Find the line that contains "Photo Graduation Party". Copy it and every line after it to the end of the material below, exactly, with no pictures.

*** Supplied data

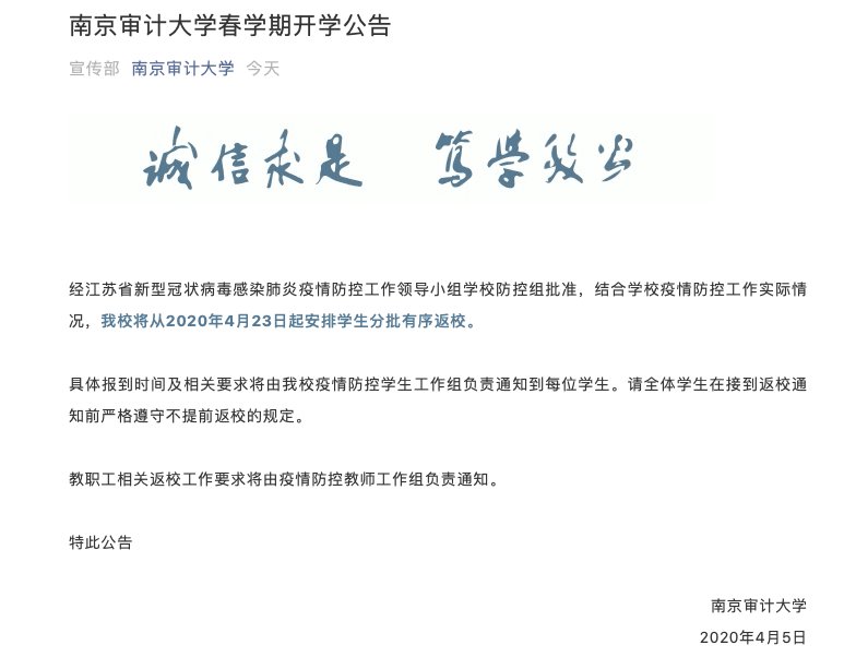 经江苏省新型冠状病毒感染肺炎疫情防控工作,领导小组学校防控组备案通过,结合疫情防控实际情况,南京一批高校确定开学时间。
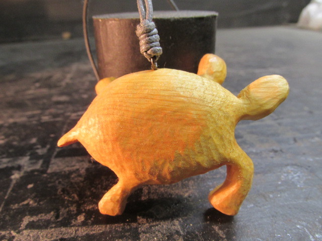 - 榧オイルフィニッシュ「窓際に吊るされた亀」彫刻ペンダント 立体彫刻
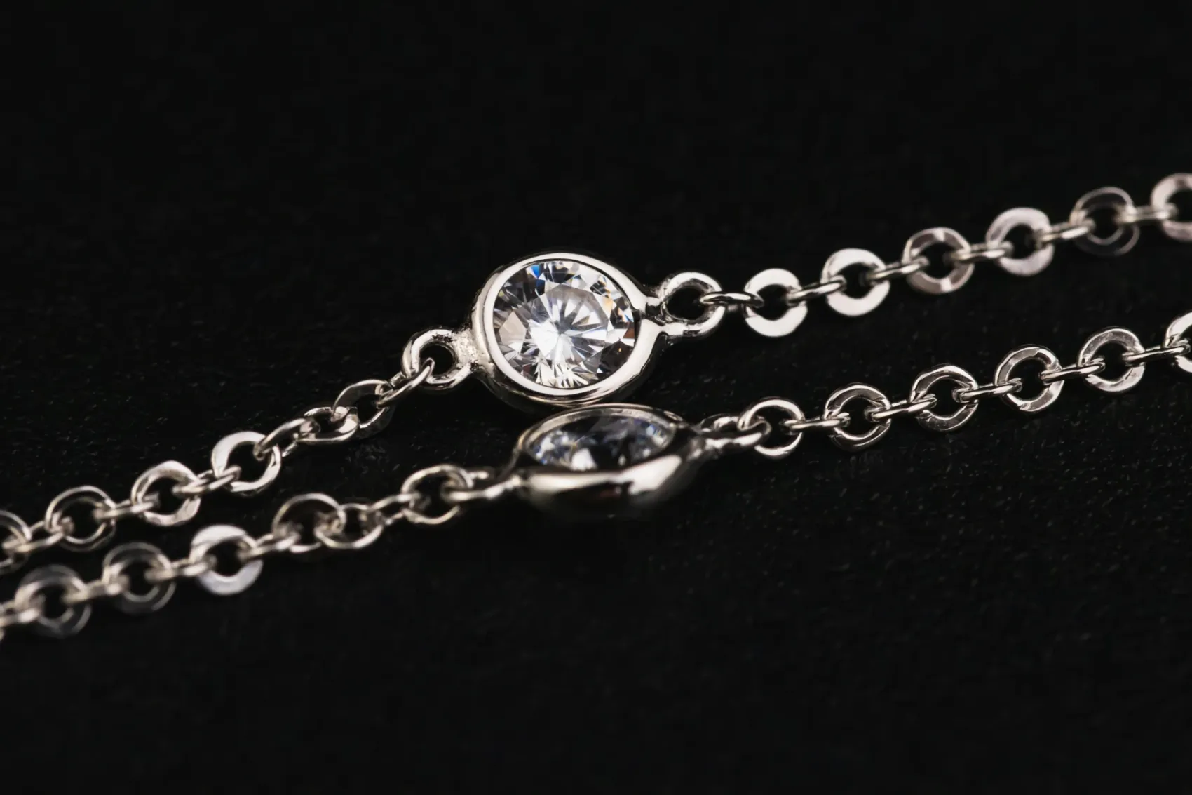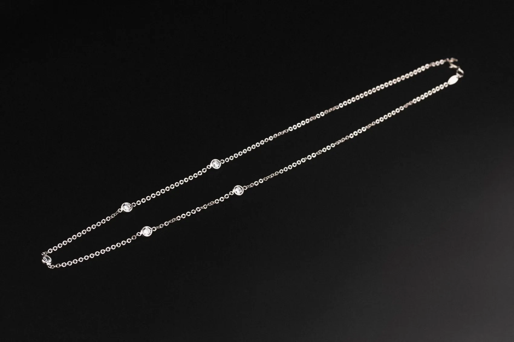 This elegant 9ct white gold necklace features a delicate 1mm chain set with sparkling cubic zirconia stones, offering the brilliance of diamonds with a modern, refined look.
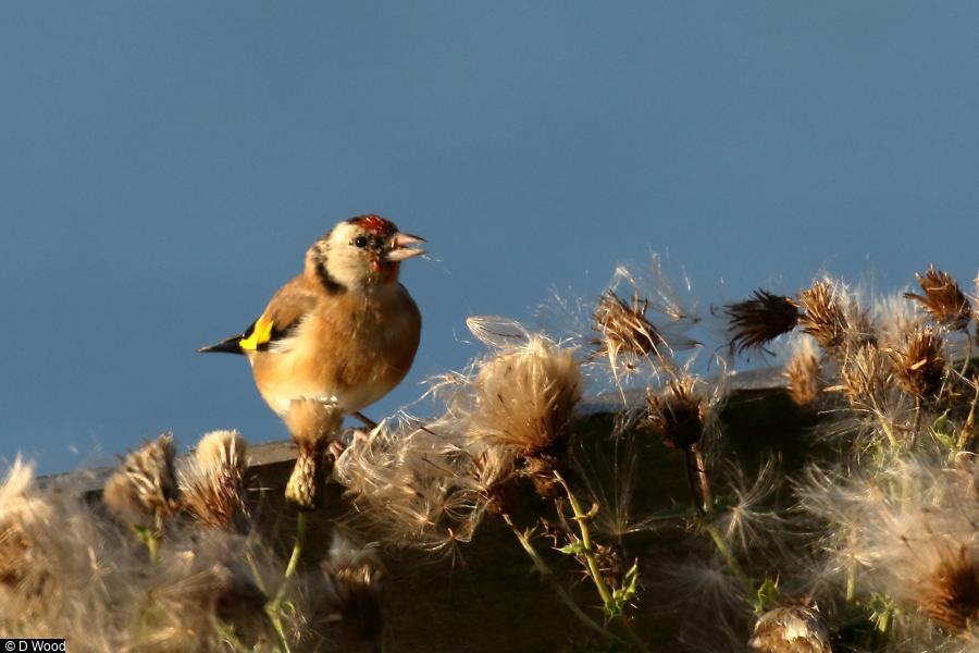 - c.650 - another photo ; Lesser Redpoll - 2 - over ; Nuthatch - 2 ; Goldfinch - 15 - feeding on thistle down
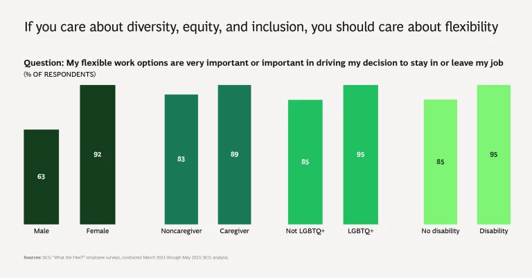 Additionally, flexible work is critical for diversity, equity, and inclusion. Roughly 90% of surveyed women, caregivers, LGBTQ+, and people with disabilities consider flexible work options important or very important in staying in or leaving their job. We saw a particularly wide gap when it comes to gender: female employees are 1.5 times more likely than their male counterparts to prioritize flexibility this way. Notably, we found only a marginal difference (3%) among women when comparing caregivers with noncaregivers. In other words, this is not just a working-mom phenomenon.
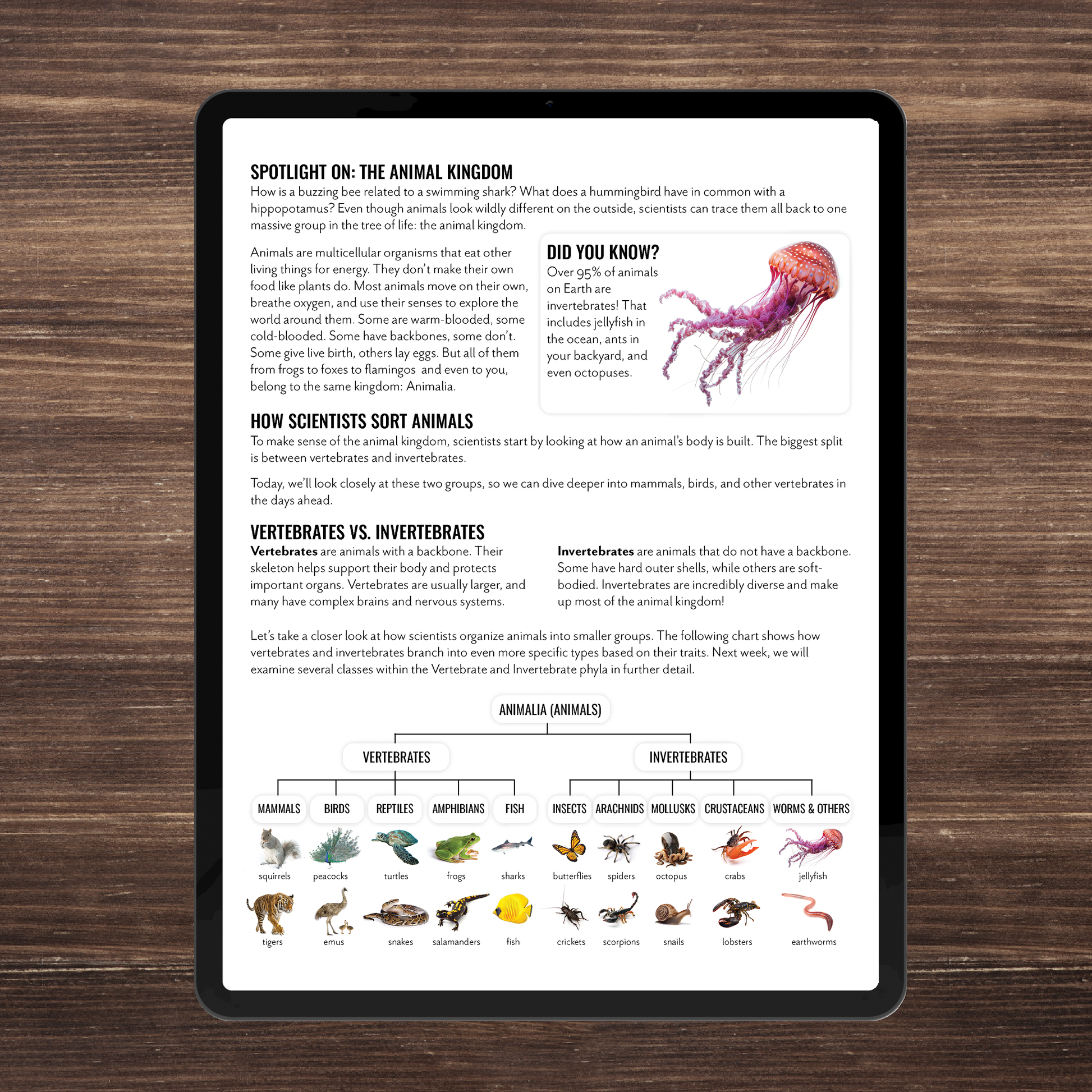 Optional Spotlight pages introduce animal classification and world biomes
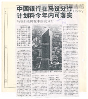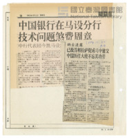 中國銀行在馬設分行技術問題煞費周章中行代表團今抵馬設法克服難題報紙 |
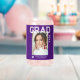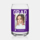 Photo Graduation Party Elégant Script moderne Can Glass Beer Glass présentez votre photo préférée avec le texte blanc simple "Grad (année)" et votre nom et les détails de graduation personnalisés sur un arrière - plan violet. Parfait pour une fête de remise de diplômes. Créé par ©Evco Studio www.zazzle.com/store/evcostudio
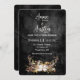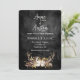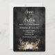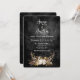 Cadena de luces brillantes en un ramo floral de cuernos de ciervo sobre cuero negro desgastado para una invitación de boda de otoño. Todo el texto es editable.

******

• Solution to this task:
 Photo Graduation Party Elégant Script moderne Can Glass Beer Glass présentez votre photo préférée avec le texte blanc simple "Grad (année)" et votre nom et les détails de graduation personnalisés sur un arrière - plan violet. Parfait pour une fête de remise de diplômes. Créé par ©Evco Studio www.zazzle.com/store/evcostudio
 Cadena de luces brillantes en un ramo floral de cuernos de ciervo sobre cuero negro desgastado para una invitación de boda de otoño. Todo el texto es editable.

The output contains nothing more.